Let’s take the data in Figure 1 as an example. As you can see the data has not been cleansed and we have a record containing an area code and a plus-4 extension on the postal code. We also have a record which does not contain either an area code or a plus-4 extension.

Sample data

Figure 1 Telephone / Postal Code Sample Data

Before running a match plan on these records we’ll need to group them into logical groups. These groups are usually defined by the business objectives which lead to the need to match the data. For instance, if we are trying to identify and consolidate duplicate phone numbers then grouping the data by area code would be a logical grouping factor. This is due to the fact that seven digit telephone numbers are often repeated across area codes.

After reviewing the data it is evident that we do not have an area code element in both records. We do, however, have postal codes and although it is not a one-to-one relationship, the first three digits of the postal code should build logical groupings that will produce similar groupings.

Once the data has been grouped, we can build a simple IDQ plan to match the data using the Hamming Distance component (Figure 2).

Data Quality

Figure 2 IDQ Match Plan using the Hamming Distance Component *Figure 2 appears with the permission of Informatica Corporation.

Since we are focused on identifying duplicate phone numbers, I’ve chosen to weight the telephone element slightly higher than the postal code. This is can be done via the use of the Weight Based Analyzer, illustrated in Figure 2 above. As you can see in the figure to the left, adjusting the weighting of a data element is as simple as entering a number into the text box provided.

The higher the number, the greater the weighting or emphasis placed on that value matching. Acceptable ranges for weightings are between 0.0 and 1000000.0. The default value for each element in a match plan is 0.5.  In my experience, as long as the values entered are proportionate to the importance of the data in identifying a true match, then the actual values entered are subjective.

Depending on the business problem, my experience indicates that keeping these values between 0.4 and 0.8 has produced valid positive identifications. When the data element is essential to indicating a match, the higher end of this weighting scale allows that element to drive the matching appropriately.  When the data element is useful in indicating a key difference between the records, the lower end of this scale is appropriate.  An example of a field that establishes a difference between two records is the name suffix.  This value can differentiate a father from his son when they both share a common first and last name.

If you enter a number outside that range, an error message like the one below will appear.


*Screen shots appear with the permission of Informatica Corporation.

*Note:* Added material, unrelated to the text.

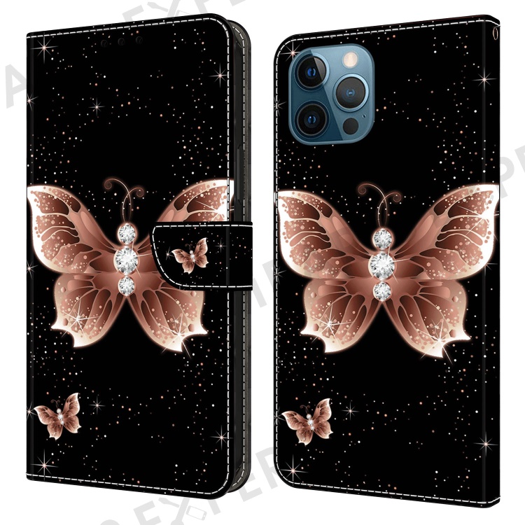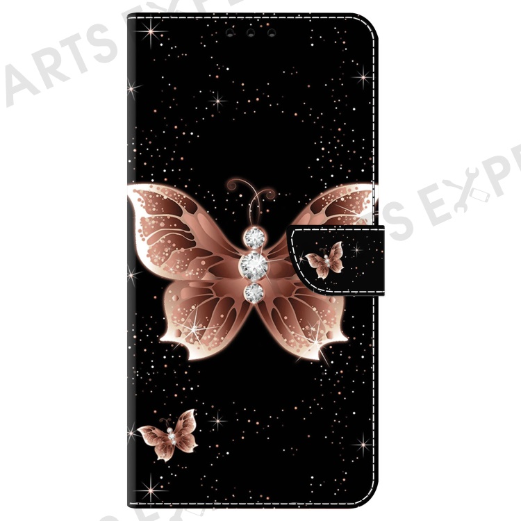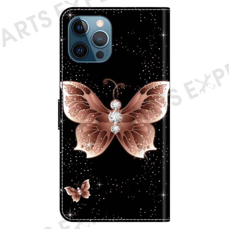 For iPhone 15 Pro PU Leather Phone Case 3D Pattern Printing Wallet Stand Protective Cover - Pink Diamond Butterfly

Without cleansing this data IDQ is unable to detect a match for either record. The match summary report in figure 4 below shows the default html report output. As you can see, the plan made two comparisons but was unable to find a match in either of those comparisons.

Data Quality

Figure 3 match summary report *Figure 3 appears with the permission of Informatica Corporation.

Now let’s take a look at the same data once it has been cleansed by parsing out the area code and plus 4 postal code extension. This type of parsing can be achieved by using the token parser and using the dash (-) symbol as the parsing token.

Healthcare data

Figure 4 Parsed Telephone / Postal Code Sample Data

From manual review of the data, it is easy to see what a difference the data cleansing can make, but let’s take a look at its effect on matching in IDQ.

Using the same grouping and matching criteria, IDQ is now able to identify a match. The results summary shows us that the same number of comparisons has been made, however, a match has been identified and the match score range is between 0.9-1.0.

Upon further examination of the clusters, or group of potential matches, we can see that the hamming distance score (highlighted in red) for both the telephone and postal code inputs was equal to 1.

Data quality

Figure 6 Detailed Match Report *Figure 6 appears with the permission of Informatica Corporation.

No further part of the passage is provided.